[Given data]
■ ■ ■ ■ ■

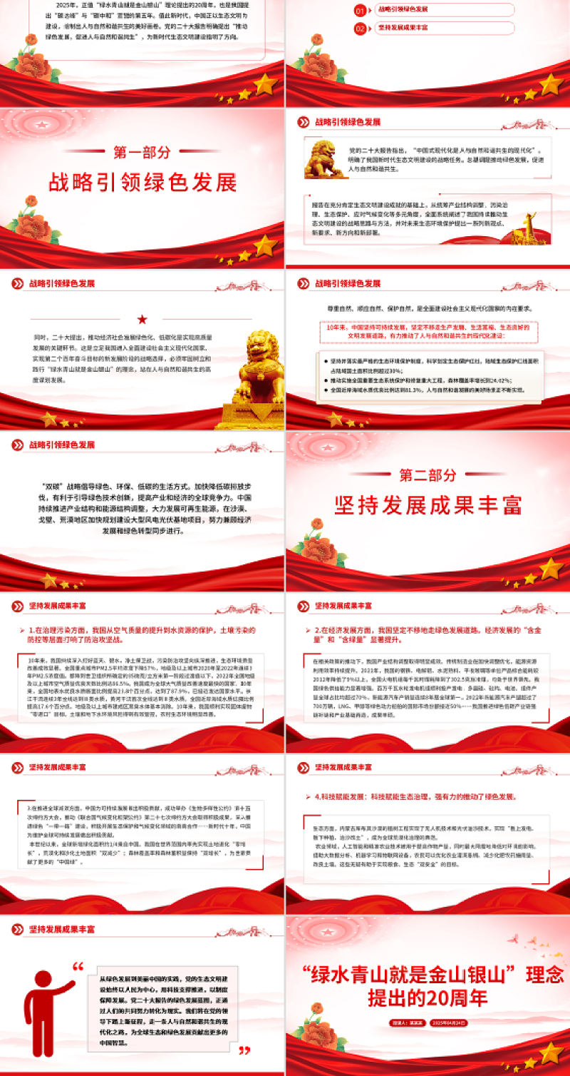 工圖網提供“綠水青山就是金山銀山”理念提出的20周年PPT黨的生態文明建設主題課件供會員免費下載。更多精彩黨課PPT素材,盡在工圖網。
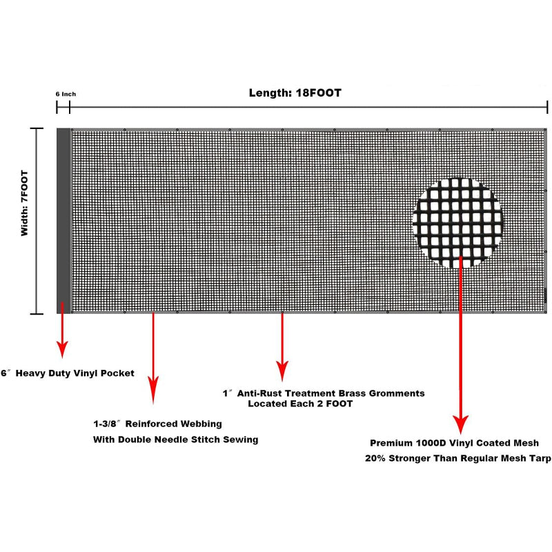 Dump Truck Mesh Tarp 7' × 18' Black Heavy Duty Cover with 6'' Pocket Double Needle Stitch Webbing
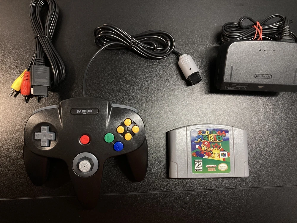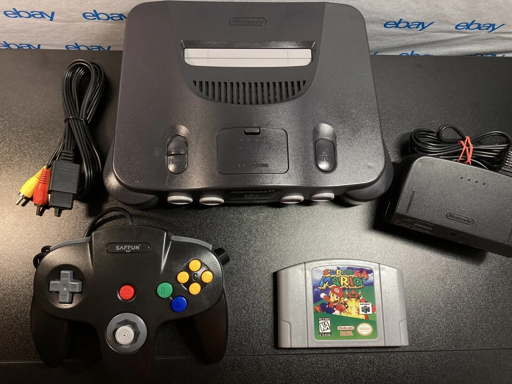 Nintendo 64 N64 Console with Super Mario 64, Black Controller, and Cables. Includes Power Cord, 3rd party av cables, and controller. The controller is a brand new Black 3rd party controller . This listing has 30 day free returns. Super Mario 64 is a new high quality copy. Shipped with USPS Priority Mail with same day handling before 11a.m. est on weekdays so you can play as soon as possible!!! Feel free to ask any questions you have! Every item will be packed carefully with bubble wrap like I would want to receive it!

■ ■ ■ ■ ■

[What you have to do] Leave out the pictures; repeat the data exactly.

[Task solution]
 工圖網提供“綠水青山就是金山銀山”理念提出的20周年PPT黨的生態文明建設主題課件供會員免費下載。更多精彩黨課PPT素材,盡在工圖網。
 Dump Truck Mesh Tarp 7' × 18' Black Heavy Duty Cover with 6'' Pocket Double Needle Stitch Webbing
 Nintendo 64 N64 Console with Super Mario 64, Black Controller, and Cables. Includes Power Cord, 3rd party av cables, and controller. The controller is a brand new Black 3rd party controller . This listing has 30 day free returns. Super Mario 64 is a new high quality copy. Shipped with USPS Priority Mail with same day handling before 11a.m. est on weekdays so you can play as soon as possible!!! Feel free to ask any questions you have! Every item will be packed carefully with bubble wrap like I would want to receive it!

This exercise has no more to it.